* Your instructions
What is needed is an exact copy of the records below, with the pictures left out.

(Saved data entries)
• • • •

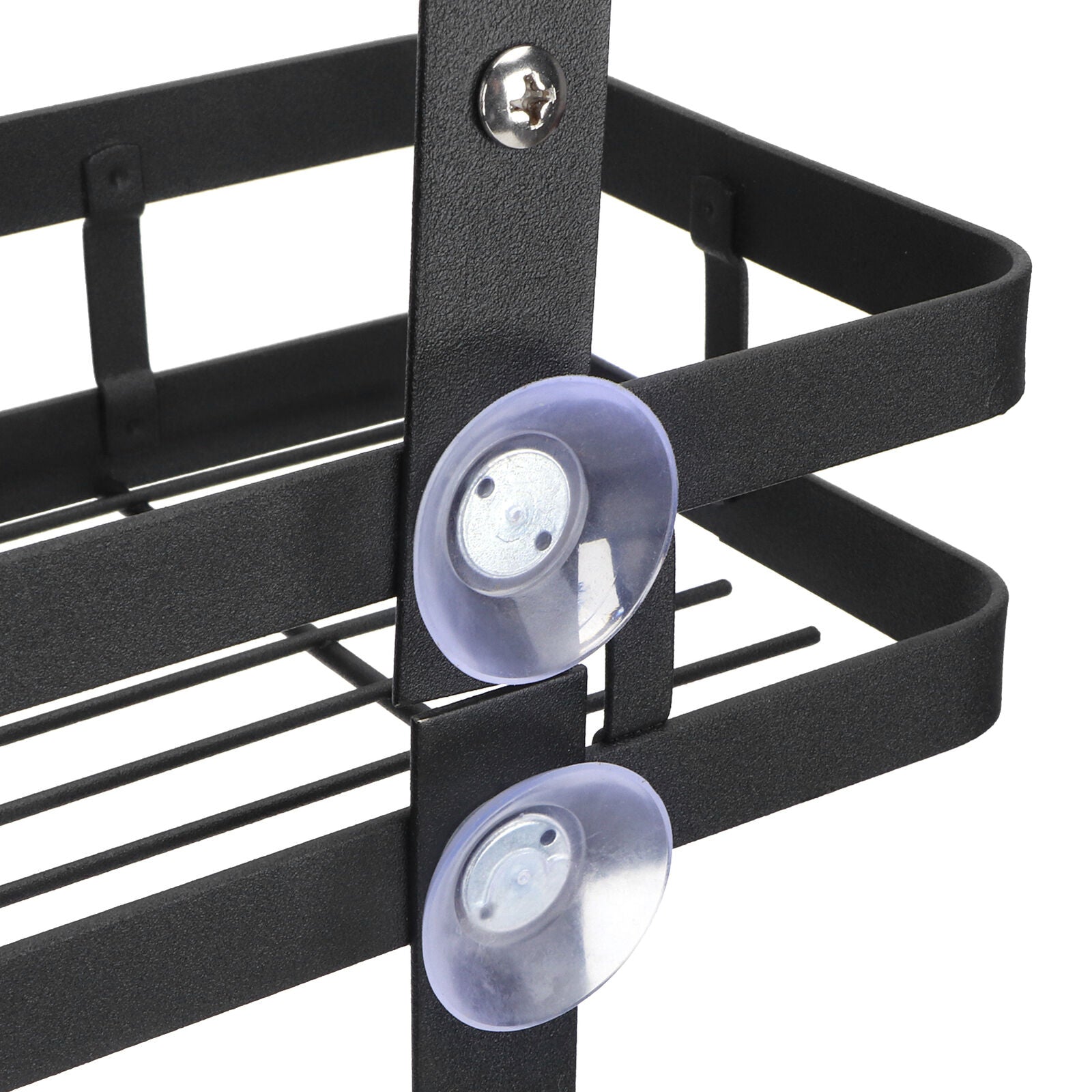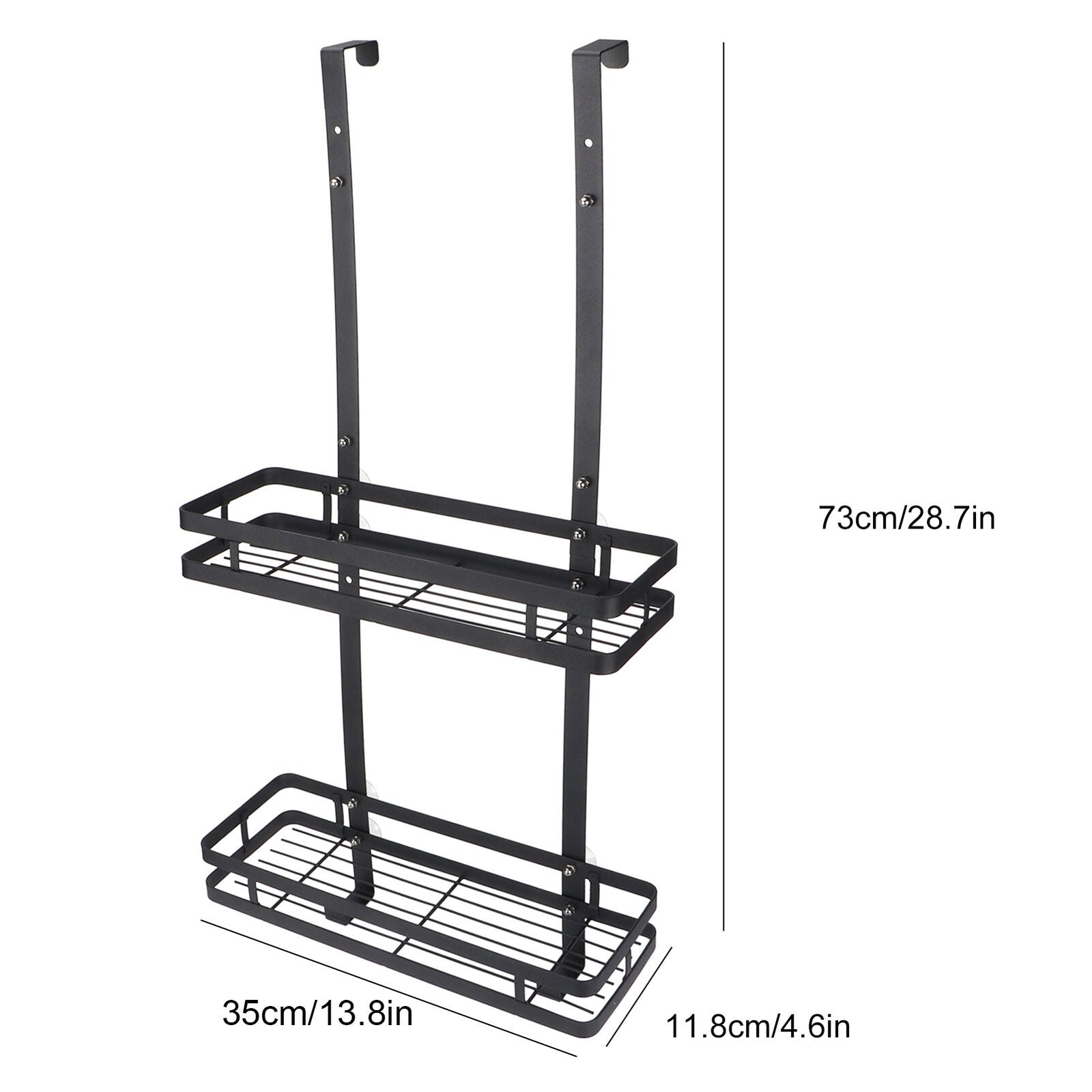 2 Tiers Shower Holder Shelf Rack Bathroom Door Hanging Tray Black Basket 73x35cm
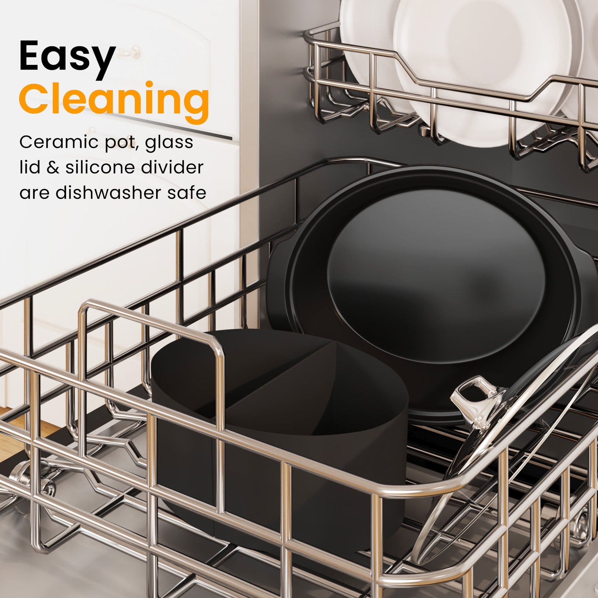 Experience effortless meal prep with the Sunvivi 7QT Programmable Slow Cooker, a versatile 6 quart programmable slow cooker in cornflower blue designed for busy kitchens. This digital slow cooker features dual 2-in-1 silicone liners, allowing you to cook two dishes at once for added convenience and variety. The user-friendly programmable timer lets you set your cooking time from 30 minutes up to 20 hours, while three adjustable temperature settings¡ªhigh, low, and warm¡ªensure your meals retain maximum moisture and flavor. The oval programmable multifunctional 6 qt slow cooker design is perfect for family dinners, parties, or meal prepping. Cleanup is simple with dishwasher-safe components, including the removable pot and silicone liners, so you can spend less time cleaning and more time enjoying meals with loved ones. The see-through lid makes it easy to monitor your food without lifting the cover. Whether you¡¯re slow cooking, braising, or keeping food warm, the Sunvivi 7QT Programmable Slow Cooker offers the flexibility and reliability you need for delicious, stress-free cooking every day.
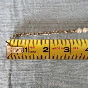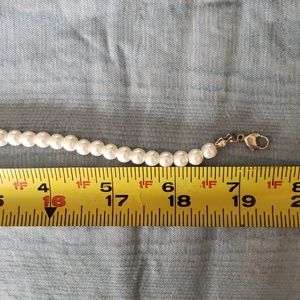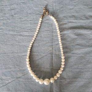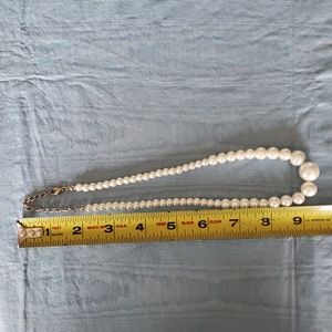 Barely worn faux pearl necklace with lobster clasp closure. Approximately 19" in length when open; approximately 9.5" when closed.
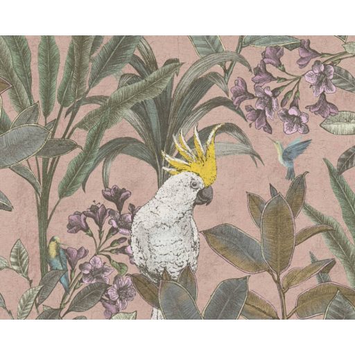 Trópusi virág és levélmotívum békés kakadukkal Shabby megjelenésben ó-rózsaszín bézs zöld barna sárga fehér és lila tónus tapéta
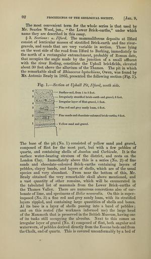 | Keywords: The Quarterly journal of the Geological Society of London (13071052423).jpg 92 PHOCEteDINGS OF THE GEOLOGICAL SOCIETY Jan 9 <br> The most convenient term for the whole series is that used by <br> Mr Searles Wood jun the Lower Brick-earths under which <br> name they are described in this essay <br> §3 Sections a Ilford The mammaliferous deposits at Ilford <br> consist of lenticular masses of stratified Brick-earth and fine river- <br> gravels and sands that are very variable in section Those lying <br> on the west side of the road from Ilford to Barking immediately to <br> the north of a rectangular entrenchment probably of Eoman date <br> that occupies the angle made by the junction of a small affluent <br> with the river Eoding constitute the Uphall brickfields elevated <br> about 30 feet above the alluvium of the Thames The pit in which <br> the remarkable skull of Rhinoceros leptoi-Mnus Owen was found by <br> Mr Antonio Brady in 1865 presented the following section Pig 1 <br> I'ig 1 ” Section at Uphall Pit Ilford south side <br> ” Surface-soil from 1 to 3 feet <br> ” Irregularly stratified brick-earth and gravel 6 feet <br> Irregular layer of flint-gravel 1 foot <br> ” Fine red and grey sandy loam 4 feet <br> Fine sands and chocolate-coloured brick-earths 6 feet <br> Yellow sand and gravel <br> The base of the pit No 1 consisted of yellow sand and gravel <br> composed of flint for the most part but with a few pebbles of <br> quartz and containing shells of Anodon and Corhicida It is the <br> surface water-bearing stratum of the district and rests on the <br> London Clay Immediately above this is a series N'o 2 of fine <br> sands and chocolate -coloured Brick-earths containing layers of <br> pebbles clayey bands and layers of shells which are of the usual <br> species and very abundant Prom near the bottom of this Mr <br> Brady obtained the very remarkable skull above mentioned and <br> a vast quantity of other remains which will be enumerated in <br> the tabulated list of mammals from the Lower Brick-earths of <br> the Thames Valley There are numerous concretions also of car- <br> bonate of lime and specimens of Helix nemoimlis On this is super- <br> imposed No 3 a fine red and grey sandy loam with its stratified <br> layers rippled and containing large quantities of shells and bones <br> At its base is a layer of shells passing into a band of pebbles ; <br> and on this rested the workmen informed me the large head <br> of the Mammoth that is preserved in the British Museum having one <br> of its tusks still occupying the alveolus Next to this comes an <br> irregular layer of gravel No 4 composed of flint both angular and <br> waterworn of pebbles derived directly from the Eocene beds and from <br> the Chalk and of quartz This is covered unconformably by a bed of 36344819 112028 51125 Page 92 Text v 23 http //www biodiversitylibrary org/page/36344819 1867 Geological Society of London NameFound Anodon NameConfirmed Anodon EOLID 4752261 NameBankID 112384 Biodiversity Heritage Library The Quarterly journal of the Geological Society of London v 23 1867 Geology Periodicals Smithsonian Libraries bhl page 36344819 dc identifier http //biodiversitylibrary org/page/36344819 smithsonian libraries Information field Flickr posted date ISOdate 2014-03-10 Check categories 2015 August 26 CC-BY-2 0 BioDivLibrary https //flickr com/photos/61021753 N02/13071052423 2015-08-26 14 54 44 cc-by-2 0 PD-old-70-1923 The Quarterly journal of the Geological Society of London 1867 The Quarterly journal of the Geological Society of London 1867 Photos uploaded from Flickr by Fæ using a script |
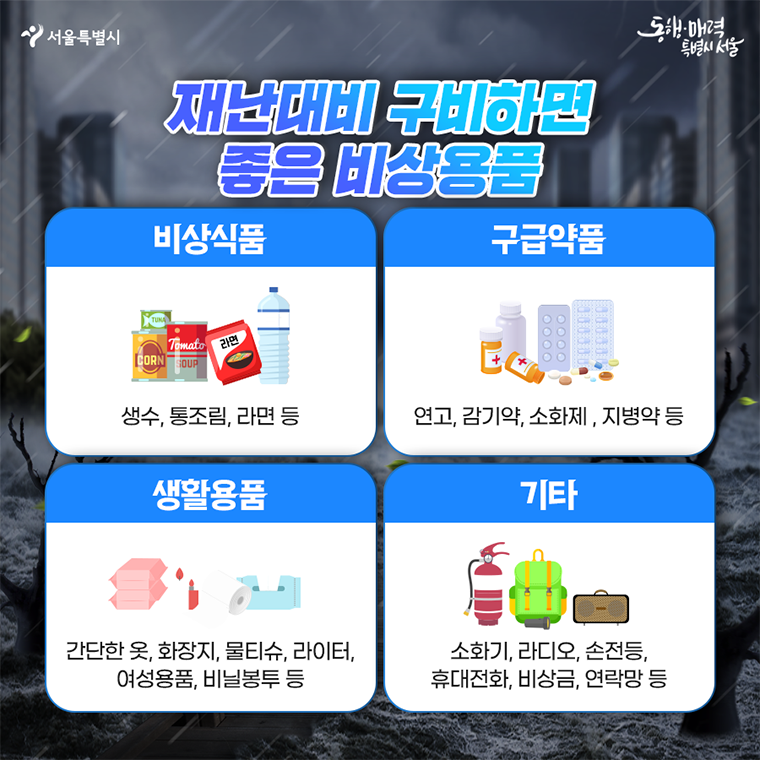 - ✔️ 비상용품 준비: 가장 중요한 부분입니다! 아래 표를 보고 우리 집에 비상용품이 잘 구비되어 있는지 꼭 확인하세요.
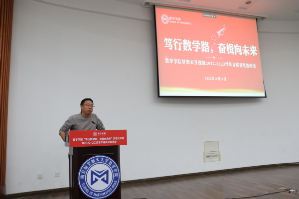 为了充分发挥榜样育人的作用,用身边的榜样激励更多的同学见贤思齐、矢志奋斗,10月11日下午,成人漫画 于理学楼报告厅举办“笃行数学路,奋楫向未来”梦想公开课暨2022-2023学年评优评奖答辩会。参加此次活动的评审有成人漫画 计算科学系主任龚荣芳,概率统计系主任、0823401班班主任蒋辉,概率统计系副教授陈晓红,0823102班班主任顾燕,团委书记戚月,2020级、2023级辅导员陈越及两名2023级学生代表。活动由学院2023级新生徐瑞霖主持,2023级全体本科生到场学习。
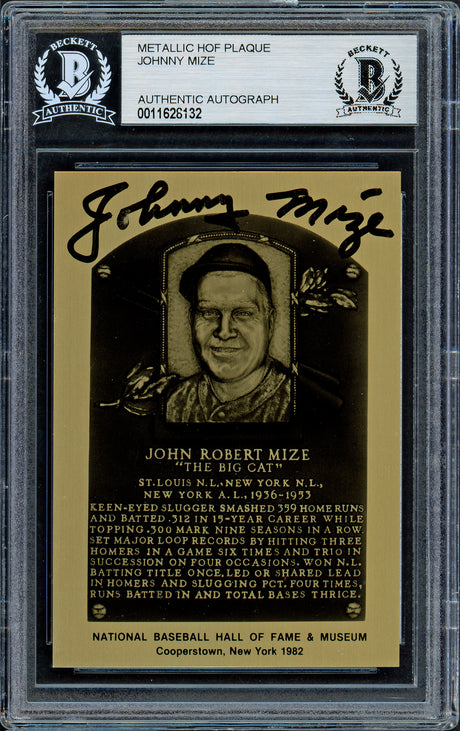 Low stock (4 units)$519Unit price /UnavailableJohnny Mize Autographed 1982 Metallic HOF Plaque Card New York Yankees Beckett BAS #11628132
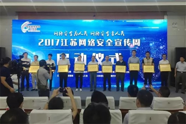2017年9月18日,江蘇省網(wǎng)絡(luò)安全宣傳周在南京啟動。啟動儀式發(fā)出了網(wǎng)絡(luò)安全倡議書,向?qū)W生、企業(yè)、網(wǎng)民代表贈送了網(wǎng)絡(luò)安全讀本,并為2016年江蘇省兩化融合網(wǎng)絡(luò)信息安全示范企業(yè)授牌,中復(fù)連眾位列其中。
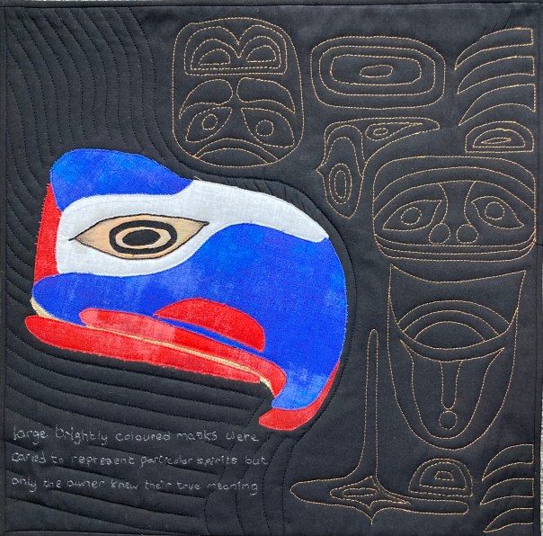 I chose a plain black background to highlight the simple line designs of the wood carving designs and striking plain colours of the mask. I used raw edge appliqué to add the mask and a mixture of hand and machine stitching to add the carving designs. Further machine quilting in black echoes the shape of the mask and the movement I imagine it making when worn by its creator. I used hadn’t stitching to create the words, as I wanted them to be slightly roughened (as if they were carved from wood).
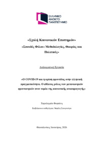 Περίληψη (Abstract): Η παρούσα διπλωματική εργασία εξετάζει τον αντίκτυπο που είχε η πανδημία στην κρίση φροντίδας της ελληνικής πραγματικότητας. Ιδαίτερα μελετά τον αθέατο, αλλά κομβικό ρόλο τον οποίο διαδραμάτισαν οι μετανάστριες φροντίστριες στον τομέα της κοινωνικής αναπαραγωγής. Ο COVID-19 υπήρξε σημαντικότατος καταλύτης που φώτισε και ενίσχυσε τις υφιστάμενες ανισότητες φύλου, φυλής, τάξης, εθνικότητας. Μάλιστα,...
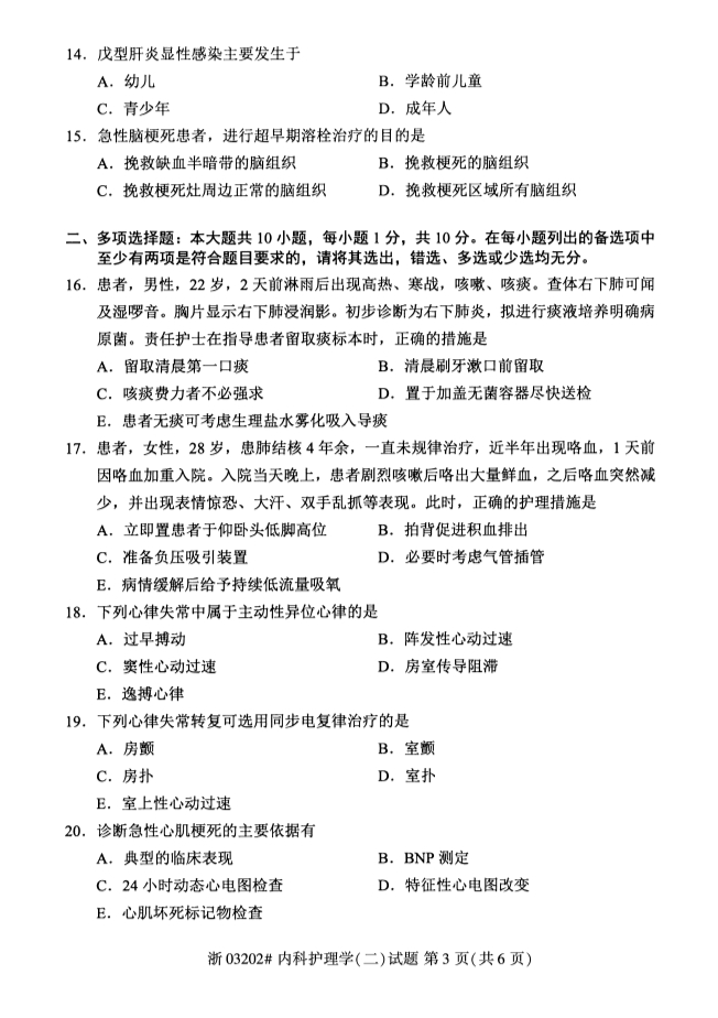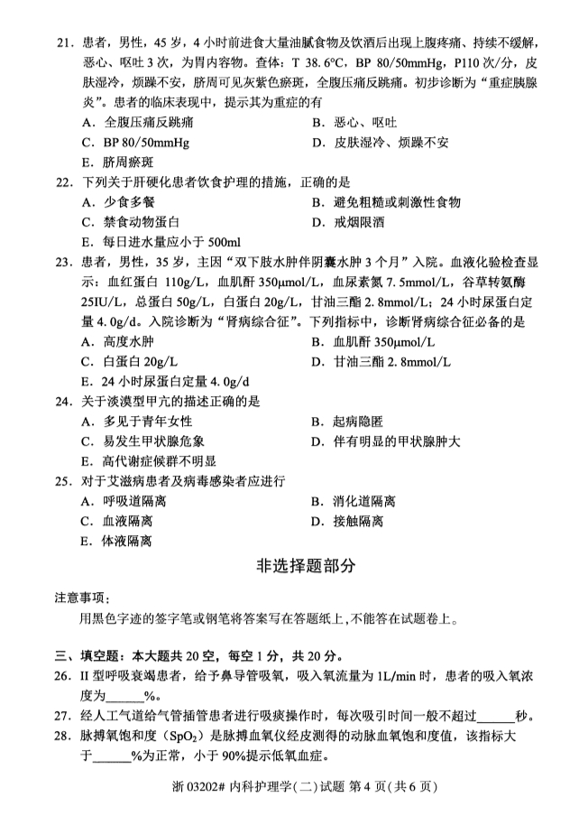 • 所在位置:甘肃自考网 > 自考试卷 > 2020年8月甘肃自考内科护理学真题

• • • •

* Result of this exercise
 2 Tiers Shower Holder Shelf Rack Bathroom Door Hanging Tray Black Basket 73x35cm
 Experience effortless meal prep with the Sunvivi 7QT Programmable Slow Cooker, a versatile 6 quart programmable slow cooker in cornflower blue designed for busy kitchens. This digital slow cooker features dual 2-in-1 silicone liners, allowing you to cook two dishes at once for added convenience and variety. The user-friendly programmable timer lets you set your cooking time from 30 minutes up to 20 hours, while three adjustable temperature settings¡ªhigh, low, and warm¡ªensure your meals retain maximum moisture and flavor. The oval programmable multifunctional 6 qt slow cooker design is perfect for family dinners, parties, or meal prepping. Cleanup is simple with dishwasher-safe components, including the removable pot and silicone liners, so you can spend less time cleaning and more time enjoying meals with loved ones. The see-through lid makes it easy to monitor your food without lifting the cover. Whether you¡¯re slow cooking, braising, or keeping food warm, the Sunvivi 7QT Programmable Slow Cooker offers the flexibility and reliability you need for delicious, stress-free cooking every day.
 Barely worn faux pearl necklace with lobster clasp closure. Approximately 19" in length when open; approximately 9.5" when closed.
 Trópusi virág és levélmotívum békés kakadukkal Shabby megjelenésben ó-rózsaszín bézs zöld barna sárga fehér és lila tónus tapéta
 | Keywords: The Quarterly journal of the Geological Society of London (13071052423).jpg 92 PHOCEteDINGS OF THE GEOLOGICAL SOCIETY Jan 9 <br> The most convenient term for the whole series is that used by <br> Mr Searles Wood jun the Lower Brick-earths under which <br> name they are described in this essay <br> §3 Sections a Ilford The mammaliferous deposits at Ilford <br> consist of lenticular masses of stratified Brick-earth and fine river- <br> gravels and sands that are very variable in section Those lying <br> on the west side of the road from Ilford to Barking immediately to <br> the north of a rectangular entrenchment probably of Eoman date <br> that occupies the angle made by the junction of a small affluent <br> with the river Eoding constitute the Uphall brickfields elevated <br> about 30 feet above the alluvium of the Thames The pit in which <br> the remarkable skull of Rhinoceros leptoi-Mnus Owen was found by <br> Mr Antonio Brady in 1865 presented the following section Pig 1 <br> I'ig 1 ” Section at Uphall Pit Ilford south side <br> ” Surface-soil from 1 to 3 feet <br> ” Irregularly stratified brick-earth and gravel 6 feet <br> Irregular layer of flint-gravel 1 foot <br> ” Fine red and grey sandy loam 4 feet <br> Fine sands and chocolate-coloured brick-earths 6 feet <br> Yellow sand and gravel <br> The base of the pit No 1 consisted of yellow sand and gravel <br> composed of flint for the most part but with a few pebbles of <br> quartz and containing shells of Anodon and Corhicida It is the <br> surface water-bearing stratum of the district and rests on the <br> London Clay Immediately above this is a series N'o 2 of fine <br> sands and chocolate -coloured Brick-earths containing layers of <br> pebbles clayey bands and layers of shells which are of the usual <br> species and very abundant Prom near the bottom of this Mr <br> Brady obtained the very remarkable skull above mentioned and <br> a vast quantity of other remains which will be enumerated in <br> the tabulated list of mammals from the Lower Brick-earths of <br> the Thames Valley There are numerous concretions also of car- <br> bonate of lime and specimens of Helix nemoimlis On this is super- <br> imposed No 3 a fine red and grey sandy loam with its stratified <br> layers rippled and containing large quantities of shells and bones <br> At its base is a layer of shells passing into a band of pebbles ; <br> and on this rested the workmen informed me the large head <br> of the Mammoth that is preserved in the British Museum having one <br> of its tusks still occupying the alveolus Next to this comes an <br> irregular layer of gravel No 4 composed of flint both angular and <br> waterworn of pebbles derived directly from the Eocene beds and from <br> the Chalk and of quartz This is covered unconformably by a bed of 36344819 112028 51125 Page 92 Text v 23 http //www biodiversitylibrary org/page/36344819 1867 Geological Society of London NameFound Anodon NameConfirmed Anodon EOLID 4752261 NameBankID 112384 Biodiversity Heritage Library The Quarterly journal of the Geological Society of London v 23 1867 Geology Periodicals Smithsonian Libraries bhl page 36344819 dc identifier http //biodiversitylibrary org/page/36344819 smithsonian libraries Information field Flickr posted date ISOdate 2014-03-10 Check categories 2015 August 26 CC-BY-2 0 BioDivLibrary https //flickr com/photos/61021753 N02/13071052423 2015-08-26 14 54 44 cc-by-2 0 PD-old-70-1923 The Quarterly journal of the Geological Society of London 1867 The Quarterly journal of the Geological Society of London 1867 Photos uploaded from Flickr by Fæ using a script |
 - ✔️ 비상용품 준비: 가장 중요한 부분입니다! 아래 표를 보고 우리 집에 비상용품이 잘 구비되어 있는지 꼭 확인하세요.
 为了充分发挥榜样育人的作用,用身边的榜样激励更多的同学见贤思齐、矢志奋斗,10月11日下午,成人漫画 于理学楼报告厅举办“笃行数学路,奋楫向未来”梦想公开课暨2022-2023学年评优评奖答辩会。参加此次活动的评审有成人漫画 计算科学系主任龚荣芳,概率统计系主任、0823401班班主任蒋辉,概率统计系副教授陈晓红,0823102班班主任顾燕,团委书记戚月,2020级、2023级辅导员陈越及两名2023级学生代表。活动由学院2023级新生徐瑞霖主持,2023级全体本科生到场学习。
 Low stock (4 units)$519Unit price /UnavailableJohnny Mize Autographed 1982 Metallic HOF Plaque Card New York Yankees Beckett BAS #11628132
2017年9月18日,江蘇省網(wǎng)絡(luò)安全宣傳周在南京啟動。啟動儀式發(fā)出了網(wǎng)絡(luò)安全倡議書,向?qū)W生、企業(yè)、網(wǎng)民代表贈送了網(wǎng)絡(luò)安全讀本,并為2016年江蘇省兩化融合網(wǎng)絡(luò)信息安全示范企業(yè)授牌,中復(fù)連眾位列其中。
 I chose a plain black background to highlight the simple line designs of the wood carving designs and striking plain colours of the mask. I used raw edge appliqué to add the mask and a mixture of hand and machine stitching to add the carving designs. Further machine quilting in black echoes the shape of the mask and the movement I imagine it making when worn by its creator. I used hadn’t stitching to create the words, as I wanted them to be slightly roughened (as if they were carved from wood).
 Περίληψη (Abstract): Η παρούσα διπλωματική εργασία εξετάζει τον αντίκτυπο που είχε η πανδημία στην κρίση φροντίδας της ελληνικής πραγματικότητας. Ιδαίτερα μελετά τον αθέατο, αλλά κομβικό ρόλο τον οποίο διαδραμάτισαν οι μετανάστριες φροντίστριες στον τομέα της κοινωνικής αναπαραγωγής. Ο COVID-19 υπήρξε σημαντικότατος καταλύτης που φώτισε και ενίσχυσε τις υφιστάμενες ανισότητες φύλου, φυλής, τάξης, εθνικότητας. Μάλιστα,...
 • 所在位置:甘肃自考网 > 自考试卷 > 2020年8月甘肃自考内科护理学真题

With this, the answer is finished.